Estas limitaciones sensoriales condicionan la experiencia sensible ya que el ver adquiere un papel dominante respecto a los demás sentidos. Ocurre algo parecido cuando cerramos los ojos para prestar más atención a lo que oímos. Al mirar por la ventana estamos de una manera diferente a aquellas en las que vivimos inmersos en lo que hacemos, con todos nuestros sentidos funcionando. Estamos en un interior, a distancia respecto del mundo, lo que permite una contemplación en la que podemos deleitarnos al ver lo que vemos o, podemos distraernos de lo visto y revivir otros momentos, imaginar… Estar solo y quieto mirando por la ventana favorece la contemplación nostálgica o ensoñadora. Cuando esto pasa, ganamos en conciencia del mismo estar ahí, fuera del mundo. Una cierta sensación de aislamiento parece inevitable.

El tema del ver lo exterior admite variantes. Por un lado, está el tema de las vistas. Tener mejores o peores vistas, forma parte de la vivencia de la casa. La película Una habitación con vistas (J. Evory, 1985) hace su planteamiento inicial teniendo en cuenta que el ver un exterior bonito desde dentro de la casa es un valor intrínseco a la casa misma. Esa perspectiva definida por la situación de cada piso y de cada ventana es, además, única.
Por otro lado, si no estamos pegados al cristal, o si no estamos en la terraza o el balcón, y sí dentro de una habitación, nos puede gustar mirar lo que vemos desde esa posición: una hojas de árboles cercanos, parte del cielo… Al situarnos así estamos escogiendo el encuadre, algo que elegimos, aunque no seamos expertos, cada vez que hacemos una fotografía. Además del encuadre, al ver el exterior desde cierta distancia, vemos el marco de la ventana, como el que suelen tener los cuadros. El vano de la ventana se convierte en un espacio delimitado, con un encuadre, y el marco delimita claramente la imagen. La ventana se convierte en un cuadro. Como dice Jorge Guillén en un poema de Cántico (“La ventana”, p. 159, ed. de la OC en Tusquets), en este tipo de visión “se acoge el pormenor a todo su contorno”.
Serenidad y evidencia de la tarde,
Que exige una visión tranquila de ventana.
Se acoge el pormenor a todo su contorno:
Guijarros, esa valla, más lejos un alambre.
Cada minuto acierta con su propia aureola,
¿O es la figuración que sueña este cristal?
Soy como mi ventana. Me maravilla el aire.
Ventanas: el ser visto
En determinadas condiciones, las ventanas posibilitan también que nos vean desde el exterior. Muchas veces esto se puede vivir como una invasión de la intimidad. La ventana indiscreta (Hitchcock, 1954) o Decálogo 6 (Kieslowski, 1990; reflexión aquí de los diez capítulos de la serie), donde un joven espía a una vecina, narran esta posibilidad. Puede no importarnos que nos vean, pero a veces ese mirar se convierte en una especie de entrada en nuestra casa a la que no han sido invitados.

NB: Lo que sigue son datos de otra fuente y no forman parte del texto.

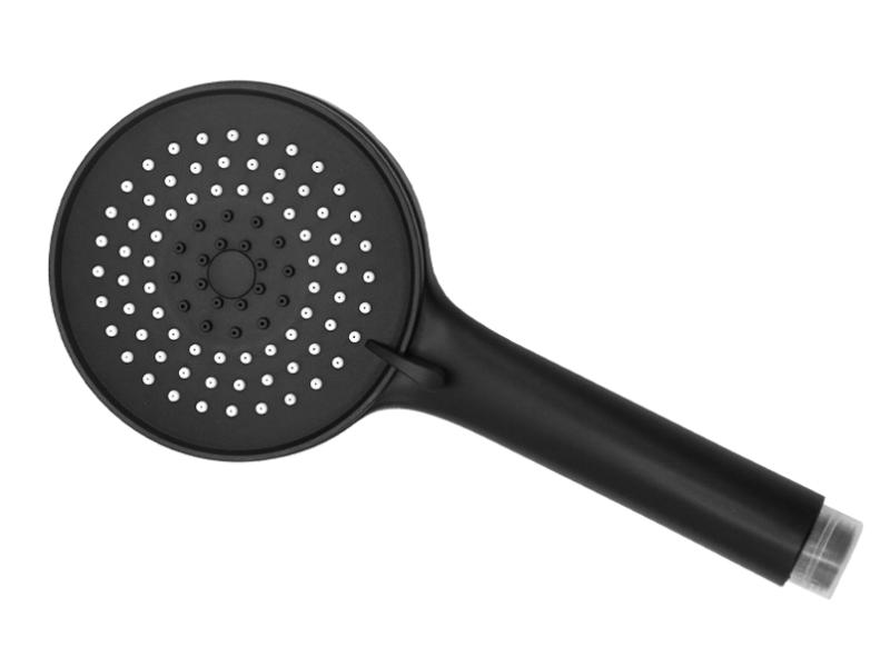Душова ручна лійка зі зносостійкого та безпечного пластику підійде тим, хто цінує економічність та функціональність. Чорні та білі форсунки різного діаметру створюють три режими подачі води. Вибрати будь-який із них можна за допомогою поворотного диска. Робочу поверхню можна використовувати і як масажну щітку — такий ефект забезпечують опуклі форми форсунок. Лійку діаметром 11 см можна приєднати до стандартного шланга. Постачається в прозорому силіконовому пакеті розміром 36 х 14 см. На упаковці є штрихкод. Різьба додатково захищена пластиковою заглушкою, що не допускає появи подряпин під час транспортування. Гарантія — 1 рік. Країна-виробник — Китай.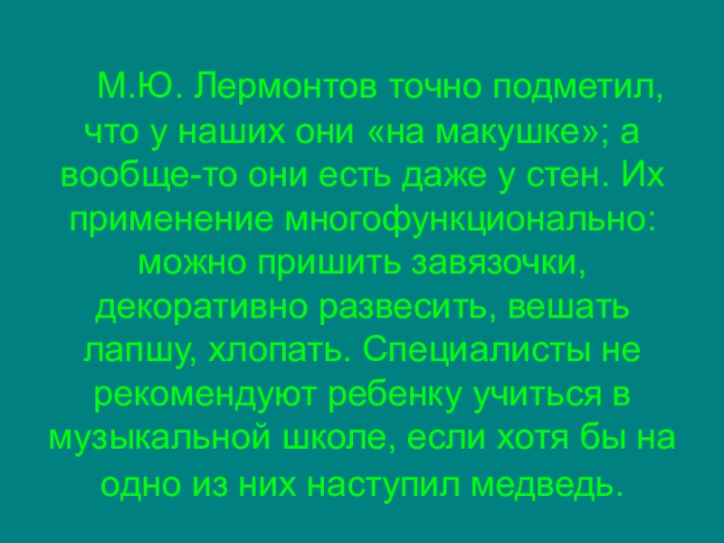 Слайд 16 М.Ю. Лермонтов точно подметил, что у наших они «на макушке»; а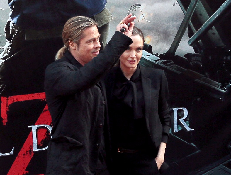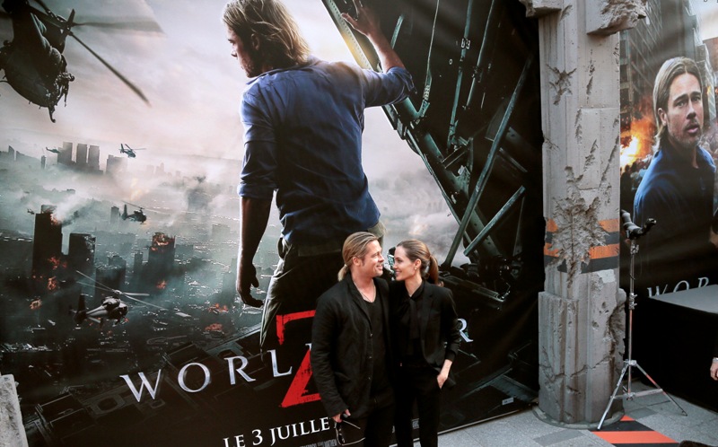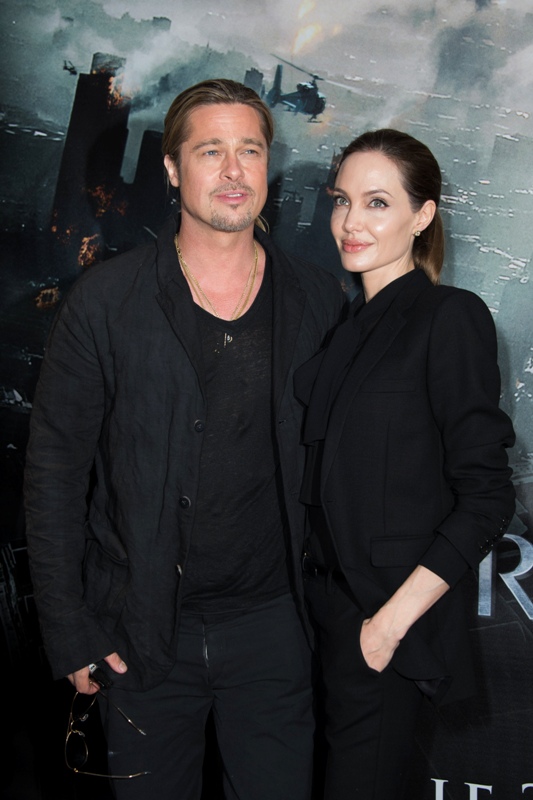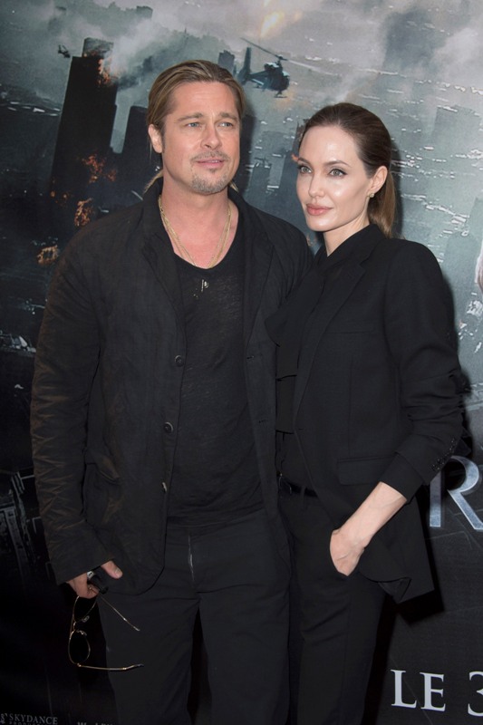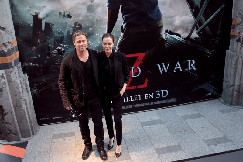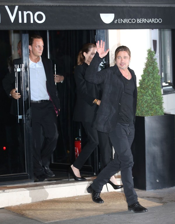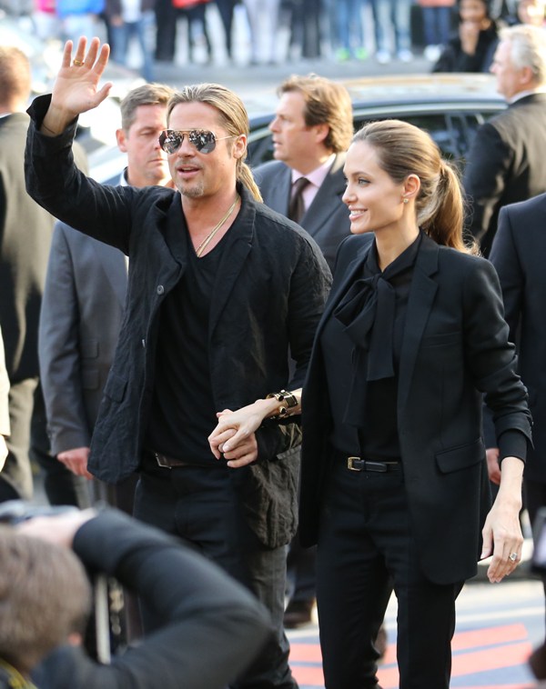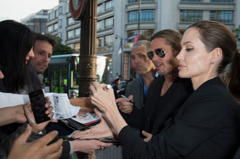 We might be getting Brange pictures every few days or so during this World War Z press tour. After the premiere in London on Sunday, Brange was in Paris last night to promote the movie. I heard there was no junket for this film which was why there was such a high concentration of media -- even more so than usual -- for the UK event. And if that’s the case, if there really is no junket, these carpets become even more important for the marketing.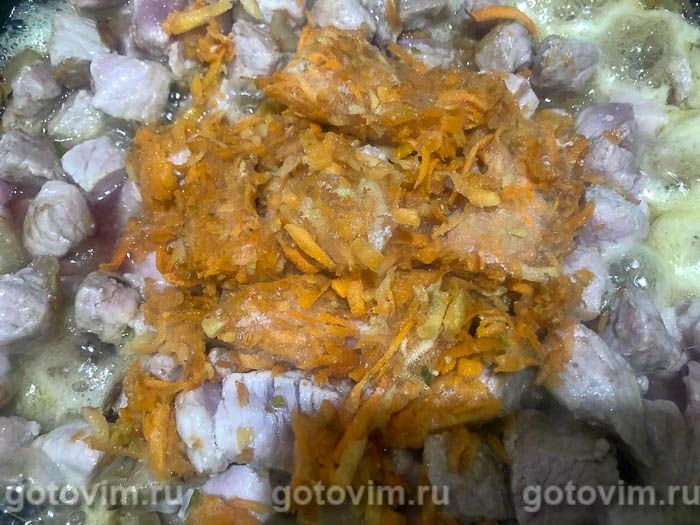 Лук очистить и нарезать. Очищенную морковь натереть на крупной терке или нарезать соломкой. Можно использовать терку для корейской моркови. Мясо промыть, обсушить и нарезать кубиками примерно 3х3 см.

En La ventana indiscreta, las diversas ventanas abiertas de los vecinos (estamos en un verano muy caluroso) permiten que estos sean observados en su intimidad. Cada ventana permite entrar visualmente en un apartamento donde las personas viven historias diferentes. Cada una de esas historias es como una pequeña película. Pero el protagonista, al ver, tiene que imaginar parte de la historia para acabar de comprender qué está viendo. Esa es una clave de la película: ¿será o no un asesino?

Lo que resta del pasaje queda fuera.